News AMD Radeon RX 9060 XT is up to 31% faster than 7600 XT in early compute benchmarks

Early synthetics may not mean much, but I think we'll see the 9060 XT 16GB fall behind the 7700 XT and 5060 Ti 16GB.

Navi 44 has a 10% larger die size than GB206 on a similar TSMC 4nm node, but it uses cheaper GDDR6 memory. At MSRPs, it will win on perf/$.
 
"While AMD asserts the RX 9060 XT 8GB is designed for the majority of gamers, engaged in esports at 1080p, critics are still questioning the firm's rationale behind this model."

8 GB gaming GPU's can exist and indeed are fine for a majority of gamers -- it's pricing that's the problem, not if they should exist or not.

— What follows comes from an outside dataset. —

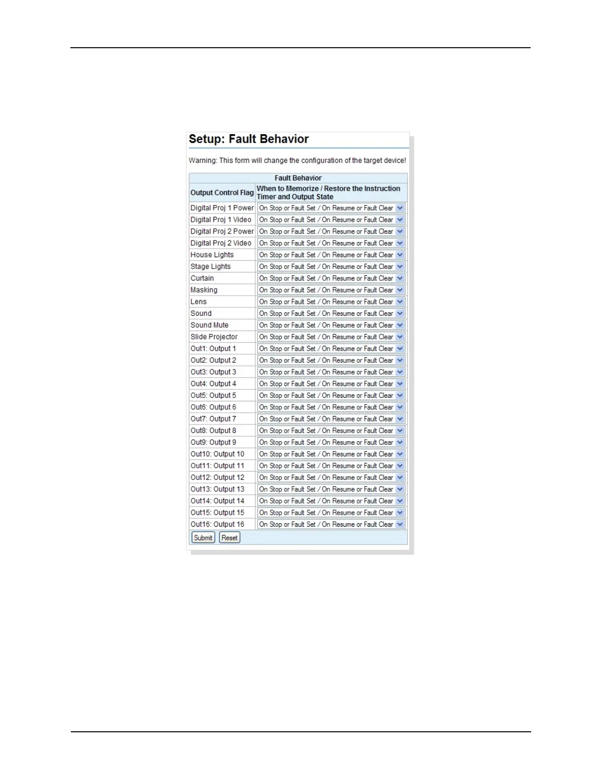 the Fault Behavior screen allows you to modify this behavior for individual output flags.

IMO, $300 *street pricing* is the absolute max that's acceptable for a new 8 GB gaming GPU. If this holds close to MSRP and slots between 5060 and 5060 Ti with 5060 8 GB street pricing going for $360-$400 in the U.S., this card DOES make sense for the "majority of gamers" umbrella phrase, including most eSports players.

However, it'd be really nice if next gen starts the $300 GPU class at 12 GB or more as a raising tide lifts all boats in PC gaming, but we've had this conversation plenty of times... ('nuf said).
 
Ehhhh, the 7700XT was closer to the intended Nvidia-equivalent being the RTX4060Ti at the time (since their new naming scheme would match the 9060XT to the 4060Ti/5060Ti)

Considering the 7700XT was almost 40% faster than the 7600XT makes this headline much less impressive.
 
I doubt the 9060XT 16GB will beat a 5060Ti 16GB, but it is "cheaper" than the 5060Ti 8GB model.
Street pricing notwithstanding
Question I have is... will it handily beat a B580? It's looking like the 5060 can't manage that either.

9060XT 8GB: "$300"
9060XT 16GB: "$350"
5060: "$300"
5060Ti 8GB: "$380"
5060Ti 16GB: "$430"
B580 12GB: "$250"
 
9070 also didn't do to well in synthetics. 9060 xt should be faster than 7700 xt.
The 9070 XT is a little slower than the 7900 XTX in Tom's testing, and the 7900 XTX has 50% more CUs, bandwidth, and Infinity Cache.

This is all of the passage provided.